Ros Gold-Onwude and DJ Poizon Ivy take Boardroom behind the scenes of an incredible two weeks in Rwanda at the BAL.

It felt like the beginning of a new age. A new era.

After a year of delay due to COVID-19, the Basketball Africa League debuted with a two-week tournament in Rwanda’s capital city of Kigali comprised of 12 of the best domestic clubs from seven African nations. A joint venture between the NBA and FIBA, the BAL is a groundbreaking effort to bring a premier, centralized basketball league to the continent — and all the infrastructure, jobs, TV viewership, and moneymaking opportunities that come with it.

The goal is to not just grow the sport of basketball in Africa and develop the world’s next great superstars, but also to highlight the beauty, heritage, culture that lives and breathes there.

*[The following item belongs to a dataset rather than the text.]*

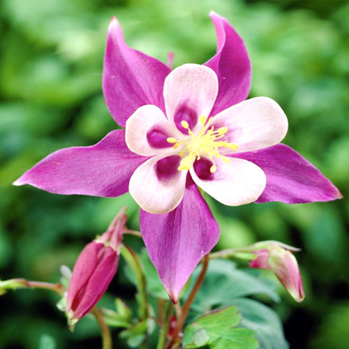 Аквілегія гібридна (Aquilegia McKana Hybrids) – популярна великоквіткова рожево-бузкова культура, яка повсюдно зустрічається в садах і парках, оскільки охоче розмножується самосівом. Квітки в діаметрі 5-7 см і більше, мають пониклу головку-дзвіночок із 5 пелюстками і шпорцями, загорнутими до неба. Рослина може рости буквально повсюдно. Цвітіння подовжується з травня по липень. У центрі кожного трійчастого розсіченого листа вранці або після дощу накопичується велика крапля води, завдяки чому квітка отримала другу назву – водозбір. Це абсолютно невибагливий морозостійкий багаторічник. Зберігає видові характеристики на протязі 5 років, після чого втрачає їх, а колекція аквілегій потребує оновлення сорту.

Due to the pandemic, what was supposed to be a full inaugural season became a tourney held from May 16-30.

With the first BAL season now in the books, Boardroom spoke with two people on the ground in Kigali who had a close-up view of the tournament: our own Ros Gold-Onwude, who covered the event for ESPN, and Ivy “DJ Poizon Ivy” Awino, the in-house turntablist and music director for the event.

They discussed the unique experience of witnessing a historic, impactful, and resonant moment for basketball history — what it all means in the bigger picture for the future of the African continent.

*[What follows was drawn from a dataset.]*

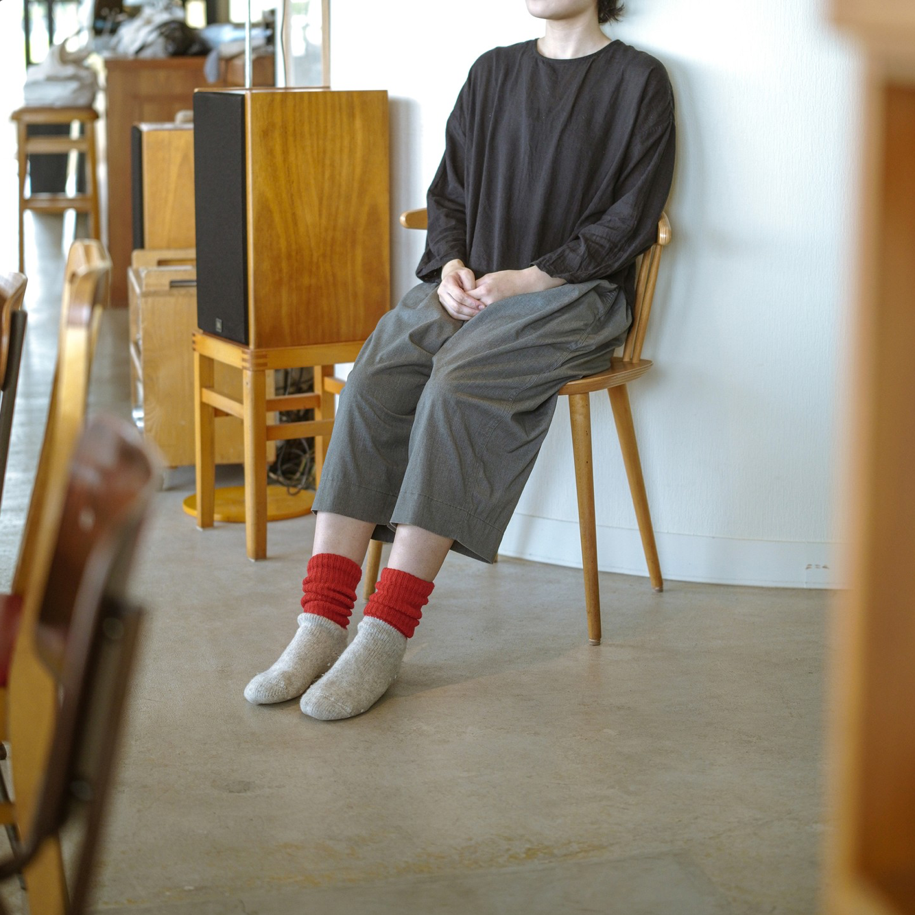 Finding machinery that could knit such thick yarn was a challenge but in Nara Prefecture, a centre for sock production in Japan, there are still old-fashioned, low gauge machines making it possible.

Ros Gold-Onwude: Reporting From Rwanda

“This is near and dear to my heart.”

Growing up in Queens, New York, Ros Gold-Onwude’s Nigerian-born father told her that she always has to know where she came from. She played basketball at Stanford and later for the Nigerian national team, and her passion for her father’s homeland is ever-present. With a commitment to visiting Africa once a year, she’s put in sweat equity, traveling to Johannesburg and Lagos and working the NBA’s Basketball Without Borders program for three straight summers in South Africa.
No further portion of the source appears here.